Report 
  Title  
  Can the Ghost Ant (Hymenoptera: Formicidae) Select and Separate Food Inside the Body?
  Key Words  
  Carbohydrates, digestive system, infrabuccal pocket, lipids, postpharyngeal glands; trophallaxis.
  Author  
  Carlos Massuretti De Jesus and Odair Correa Bueno
  Abstract  
  This investigation aimed at analyzing the passage of food inside the digestive system of Tapinoma melanocephalum. A water-soluble dye and a lipid-soluble dye were added to 3 different diets as tracers, to be later offered to different laboratory colonies of the ghost-ant.
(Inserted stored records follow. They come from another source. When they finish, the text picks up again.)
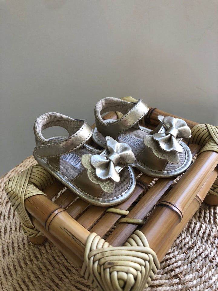 Sandália, na cor dourada com laço, solado super macio, flexível e confortável com fechamento lateral por velcro.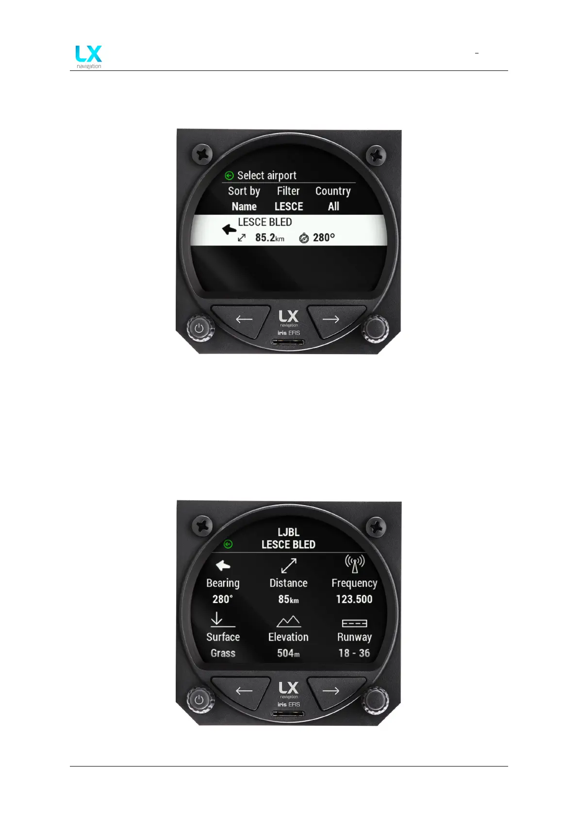 The selected airport can be confirmed by press of the right-hand push-rotary knob.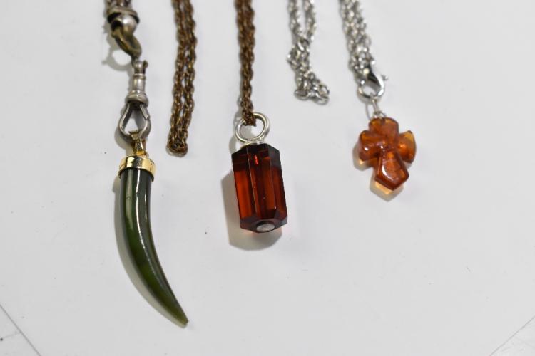 Lot 2540 of 2131: A white metal chain supporting an amber cross pendant, length 37cm, with a late Victorian lady's fob chain supporting a jade coloured pendant in the form of a tooth, and a further brass chain (3).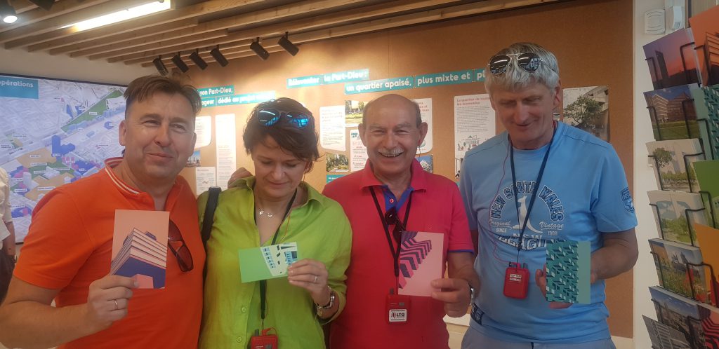 Przez trzy dni grupie towarzyszyli architekci z największego w mieście biura projektowego Sud Architectes, mającego swoje oddziały w siedmiu miastach świata, m.in. w Warszawie. Dzięki nim uczestnicy tego studyjnego wyjazdu mieli możliwość zapoznania się z dużymi rewitalizowanymi kwartałami miasta, takimi jak północna część półwyspu Presquille, wpisana na listę Unesco, dzielnica Vaise, biznesowa dzielnica Part-Dieu, Zac Des Girondins, czy dzielnica La Confluence. Największe wrażenie zrobiła ta ostatnia z ultra nowoczesnymi obiektami architektonicznymi.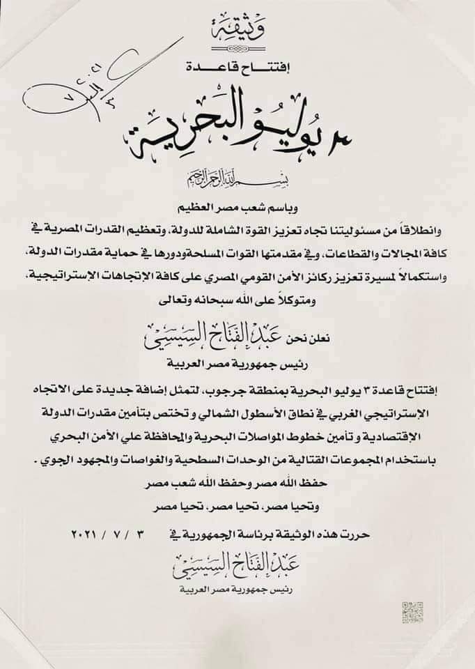 وقع الرئيس المصري عبد الفتاح السيسي، السبت، وثيقة إنشاء قاعدة "3 يوليو" البحرية بمنطقة جرجوب على الساحل الشمالي الغربي.
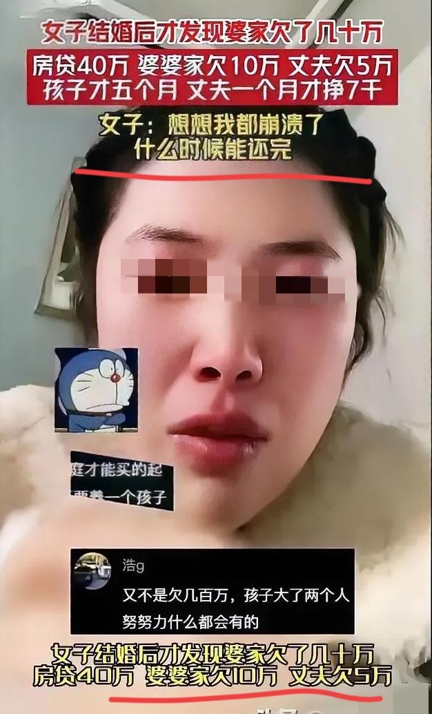 这女的该不该哭? 辽宁一女子,刚结完婚,直接崩溃大哭,结完婚才发现,自己不是来享福的,而是来和婆家一起还债的。 婚前婆家满口承诺,婚房、工作、彩礼样样周全,绝口不提债务。等婚礼结束、孩子出生,才把一堆账单甩在她面前。房贷、外债、老公的欠款,加起来压得人喘不过气,她带着五个月的宝宝没法工作,全家收入捉襟见肘,未来一眼望不到头。 婚姻里最伤人的从不是清贫,而是刻意隐瞒、消耗真心。坦诚是婚姻的底线,一起吃苦是情分,被蒙在鼓里填坑,那是算计。这样的家庭,连最基本的真诚都做不到,又怎么配得上别人托付一生? 换作是你,遇到这种婚前瞒债的情况,会怎么选择?

We collected 80 workers which had ingested the diet, and past set periods of time they were dissected under a stereomicroscope. The ingested quantity of tracers was measured in the infrabuccal pocket, postpharyngeal glands, crop and ventriculus of each ant. Using a video camera, we also recorded 120 min. of the trophallaxis process between the members of one colony. Solid food was retained in the infrabuccal pockets; only liquid diets were actually ingested. Water-soluble tracers were found in infrabuccal pockets, crops and ventriculi, while lipid-soluble tracers were found in infrabuccal pockets, postpharyngeal glands and crops. Carbohydrates mixed up with lipids do not reach the midgut. After 30 min., about half of the colony received food, except the larvae. In 50 min., all workers and queens got food inside their crops. Results suggest that workers can control the passage of food through their digestive system. We also think lipids ingested might be stored and metabolized in the postpharyngeal glands.